* TASK OBJECTIVE
Restate word for word the part of the material that runs from the line containing "作为长三角示范区一体化审批的" through its final line, inclusive, minus the pictures.

* THE DATA
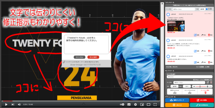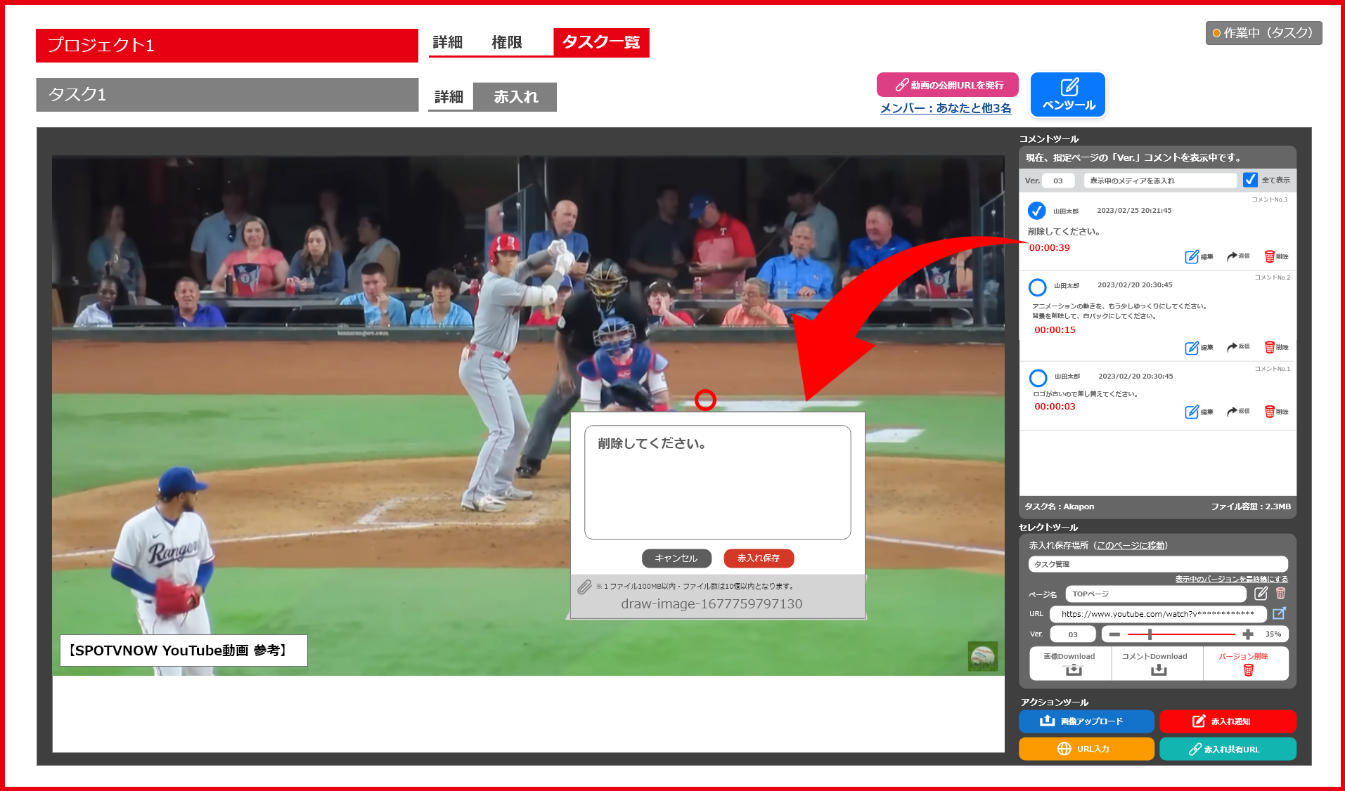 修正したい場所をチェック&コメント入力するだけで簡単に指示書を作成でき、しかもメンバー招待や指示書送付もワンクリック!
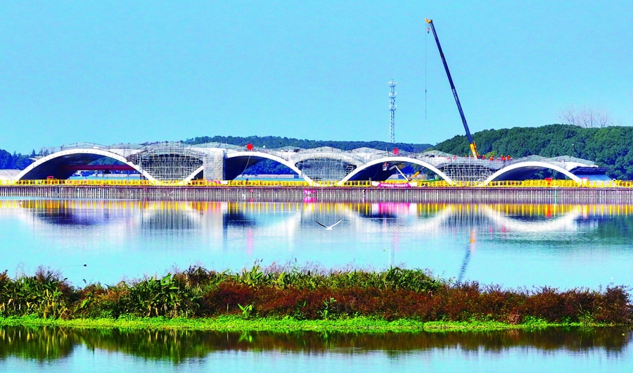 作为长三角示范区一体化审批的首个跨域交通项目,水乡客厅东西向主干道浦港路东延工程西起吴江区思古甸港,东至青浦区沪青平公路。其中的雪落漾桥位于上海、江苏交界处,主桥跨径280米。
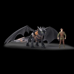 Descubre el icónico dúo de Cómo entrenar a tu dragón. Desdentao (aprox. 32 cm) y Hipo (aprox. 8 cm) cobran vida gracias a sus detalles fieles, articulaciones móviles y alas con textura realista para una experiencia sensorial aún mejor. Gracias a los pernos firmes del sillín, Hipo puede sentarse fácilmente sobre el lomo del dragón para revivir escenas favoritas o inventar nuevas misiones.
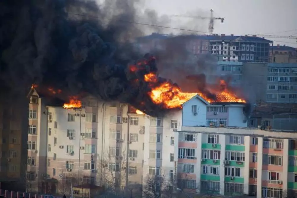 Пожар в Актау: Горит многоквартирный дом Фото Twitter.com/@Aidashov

* EXPECTED OUTPUT
 作为长三角示范区一体化审批的首个跨域交通项目,水乡客厅东西向主干道浦港路东延工程西起吴江区思古甸港,东至青浦区沪青平公路。其中的雪落漾桥位于上海、江苏交界处,主桥跨径280米。
 Descubre el icónico dúo de Cómo entrenar a tu dragón. Desdentao (aprox. 32 cm) y Hipo (aprox. 8 cm) cobran vida gracias a sus detalles fieles, articulaciones móviles y alas con textura realista para una experiencia sensorial aún mejor. Gracias a los pernos firmes del sillín, Hipo puede sentarse fácilmente sobre el lomo del dragón para revivir escenas favoritas o inventar nuevas misiones.
 Пожар в Актау: Горит многоквартирный дом Фото Twitter.com/@Aidashov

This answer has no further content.